LE PRINTEMPS : Soldes Suprêmes (de dindes)

Par Lilionceuponatime

Nous avons toutes vécu cette première journée de soldes, mêlée d'excitation, de stress, et de souffrance morale (et physique parfois, si l'on en vient aux mains) lorsque la pièce convoitée nous est passée sous le nez. Mais vous êtes vous déjà demandée le calvaire que pouvait être cette journée pour un vendeur? J'ai donc pris l'initiative de laisser "la plume" à un vendeur du Printemps, qui nous livre ses impressions heure par heure ! Je vous invite à passer de l'autre côté du miroir...

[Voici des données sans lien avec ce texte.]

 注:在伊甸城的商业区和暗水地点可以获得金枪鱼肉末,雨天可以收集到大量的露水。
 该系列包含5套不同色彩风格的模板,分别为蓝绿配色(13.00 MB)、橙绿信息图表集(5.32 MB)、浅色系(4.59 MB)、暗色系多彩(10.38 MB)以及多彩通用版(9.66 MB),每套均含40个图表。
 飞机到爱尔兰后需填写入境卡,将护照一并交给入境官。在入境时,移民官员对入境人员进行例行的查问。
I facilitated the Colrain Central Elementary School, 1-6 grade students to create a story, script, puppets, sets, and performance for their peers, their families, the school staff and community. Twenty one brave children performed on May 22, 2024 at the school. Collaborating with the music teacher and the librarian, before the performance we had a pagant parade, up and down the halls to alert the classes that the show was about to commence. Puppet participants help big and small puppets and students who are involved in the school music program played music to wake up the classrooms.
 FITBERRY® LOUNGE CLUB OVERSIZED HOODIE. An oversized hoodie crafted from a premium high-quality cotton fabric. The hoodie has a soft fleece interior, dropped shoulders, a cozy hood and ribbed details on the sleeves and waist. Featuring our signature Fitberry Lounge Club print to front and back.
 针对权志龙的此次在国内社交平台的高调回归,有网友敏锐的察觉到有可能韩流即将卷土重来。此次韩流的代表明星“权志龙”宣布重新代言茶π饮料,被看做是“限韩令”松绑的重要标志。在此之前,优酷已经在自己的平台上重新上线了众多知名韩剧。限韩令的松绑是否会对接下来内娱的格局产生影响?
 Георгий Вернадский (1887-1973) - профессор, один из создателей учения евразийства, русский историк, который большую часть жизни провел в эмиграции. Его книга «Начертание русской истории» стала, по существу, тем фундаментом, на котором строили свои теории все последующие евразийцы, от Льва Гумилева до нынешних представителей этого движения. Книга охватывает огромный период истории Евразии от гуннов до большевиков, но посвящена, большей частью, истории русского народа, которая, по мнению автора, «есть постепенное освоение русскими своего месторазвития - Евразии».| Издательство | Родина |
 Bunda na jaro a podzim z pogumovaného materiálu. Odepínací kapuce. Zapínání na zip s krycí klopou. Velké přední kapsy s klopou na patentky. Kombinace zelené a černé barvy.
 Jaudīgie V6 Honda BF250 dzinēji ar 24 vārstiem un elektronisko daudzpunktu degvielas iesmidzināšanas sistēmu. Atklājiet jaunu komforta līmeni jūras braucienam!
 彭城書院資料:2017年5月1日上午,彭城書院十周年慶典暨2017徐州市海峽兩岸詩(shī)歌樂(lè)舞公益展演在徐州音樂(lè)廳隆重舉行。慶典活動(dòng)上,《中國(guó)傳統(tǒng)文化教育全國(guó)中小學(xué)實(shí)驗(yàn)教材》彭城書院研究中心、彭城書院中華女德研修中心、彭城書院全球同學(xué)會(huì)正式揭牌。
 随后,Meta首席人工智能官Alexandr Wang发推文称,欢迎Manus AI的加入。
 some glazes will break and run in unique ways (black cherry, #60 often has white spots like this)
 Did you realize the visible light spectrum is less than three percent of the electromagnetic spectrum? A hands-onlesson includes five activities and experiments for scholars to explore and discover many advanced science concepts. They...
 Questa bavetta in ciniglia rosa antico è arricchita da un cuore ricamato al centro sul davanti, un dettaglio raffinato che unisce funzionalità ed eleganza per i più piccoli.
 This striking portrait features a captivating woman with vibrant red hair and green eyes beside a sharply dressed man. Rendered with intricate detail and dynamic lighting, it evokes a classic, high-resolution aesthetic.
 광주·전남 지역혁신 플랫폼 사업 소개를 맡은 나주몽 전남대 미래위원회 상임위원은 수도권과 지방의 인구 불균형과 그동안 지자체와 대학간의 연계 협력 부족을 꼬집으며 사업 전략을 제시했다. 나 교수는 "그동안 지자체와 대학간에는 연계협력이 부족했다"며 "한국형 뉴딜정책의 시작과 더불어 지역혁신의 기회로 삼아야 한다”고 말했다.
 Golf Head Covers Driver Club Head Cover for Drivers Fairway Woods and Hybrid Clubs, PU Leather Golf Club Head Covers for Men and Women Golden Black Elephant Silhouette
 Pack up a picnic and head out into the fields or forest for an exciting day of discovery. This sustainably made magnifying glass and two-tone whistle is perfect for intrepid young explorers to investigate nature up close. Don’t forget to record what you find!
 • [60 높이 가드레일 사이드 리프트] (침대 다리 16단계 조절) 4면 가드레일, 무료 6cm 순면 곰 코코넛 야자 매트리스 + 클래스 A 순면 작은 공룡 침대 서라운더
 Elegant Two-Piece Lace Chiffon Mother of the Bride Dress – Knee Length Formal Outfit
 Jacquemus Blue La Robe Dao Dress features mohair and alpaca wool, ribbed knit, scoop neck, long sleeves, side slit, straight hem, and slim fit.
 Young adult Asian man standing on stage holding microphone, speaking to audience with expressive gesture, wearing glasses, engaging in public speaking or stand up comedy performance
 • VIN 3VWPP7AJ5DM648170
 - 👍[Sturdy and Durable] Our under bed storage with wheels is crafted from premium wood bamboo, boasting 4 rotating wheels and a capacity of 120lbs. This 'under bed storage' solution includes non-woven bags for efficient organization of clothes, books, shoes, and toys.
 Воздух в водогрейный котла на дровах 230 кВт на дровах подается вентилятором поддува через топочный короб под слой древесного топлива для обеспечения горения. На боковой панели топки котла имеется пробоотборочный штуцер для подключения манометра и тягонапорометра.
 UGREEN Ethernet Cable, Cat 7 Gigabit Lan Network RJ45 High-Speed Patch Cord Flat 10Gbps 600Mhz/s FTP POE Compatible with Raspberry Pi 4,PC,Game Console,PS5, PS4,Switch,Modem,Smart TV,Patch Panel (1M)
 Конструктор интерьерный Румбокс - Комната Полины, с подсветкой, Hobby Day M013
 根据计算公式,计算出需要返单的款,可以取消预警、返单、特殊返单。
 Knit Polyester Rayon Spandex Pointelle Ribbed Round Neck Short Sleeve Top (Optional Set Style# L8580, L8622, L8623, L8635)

"M'sieur, c'est quand la troisième démarque?". Mercredi matin, il est 8h04. Aucun doute, c'est le premier jour des soldes au Printemps et, ça tombe mal, j'y travaille.
Quelques minutes avant l'ouverture, chaque vendeur reçoit un brief' doctrinal, du café et des croissants. J'entame donc la journée avec le sourire en prenant bien soin de ne pas remarquer la foule de fashionistas agglutinée aux vitres fraîchement lavées du grand magasin.
8h00: Le temple dédié à la déesse Consommation ouvre ses portes; un flot, un torrent, que dis-je, un center parc hystérique s'y déverse. A cet instant, je pense, envieux, à Moise, sauvé des eaux.
La fashion-victim se parfume et aime que cela se sache. A l'instar de certains animaux sauvages, il doit s'agir d'une technique d'autodéfense. En effet, même si plusieurs mètres me séparent toujours de cette horde assoiffée de rabais, me voilà complètement shooté.
Je tente de me reprendre, trop tard, je suis fini: Quatre harpies m'encerclent déjà : "Où est le stand Burberry?" "Avec la carte Printemps on a quoi de plus?" "Les toilettes s'il vous plait?" "Et l'escalator? Il est mal foutu ce magasin!"... Alors que j'essaie de ne pas perdre pied en me raccrochant aux couleurs du carré Hermès de l'une d'entre elles, mes agresseurs prennent la fuite. Je n'ai pas répondu suffisamment vite. En ce sacro-saint premier jour de soldes, la modeuse pratiquante n'a qu'un dogme: «NE PAS PERDRE DE TEMPS»
Midi: Pause déjeuner? Ah, non.
16h00: Pause déjeuner. Il ne faut pas s'alourdir. Une salade, pas de Big Mac, non! Les conversations vont bon train autour de moi "40% chez Sandro?! Arrête! J'y cours!" Quel dépaysement. Par fierté, j'ai gardé mon badge. Aujourd'hui, il me rend plus respectable que celui d'un chirurgien.
16h30: "Ca fait vingt minutes que je vous attends! C'est inadmissible! Vous auriez pu prévoir un sandwich dans une réserve!" (respire, respire...)
19h30: «Bon, okay, c'est le premier jour donc la troisième démarque ne commence pas tout de suite, j'ai bien compris. Mais, du coup, vous pourriez peut-être me faire -70% sur tout ce que j'ai pris, non?". C'est là , à cet instant précis, que le conseiller de vente perd définitivement son flegme (aussi ancré et/ou britannique soit-il). Lorsqu'il comprend, enfin, qu'il vient de signer pour quatre semaines d'un long safari durant lequel la bête à abattre, c'est lui.
20h00: La Voix Divine: «Voootre attention s'il vous plait, il est 20h, nous informons notre clientèle que le magasin ferme ses portes. Nous vous souhaitons, ainsi qu'à l'ensemble du personnel, une excellente soirée et nous vous donnons rendez-vous demain, dès 9h30. Bonsoir.» Encore quinze clientes en caisse. No comment.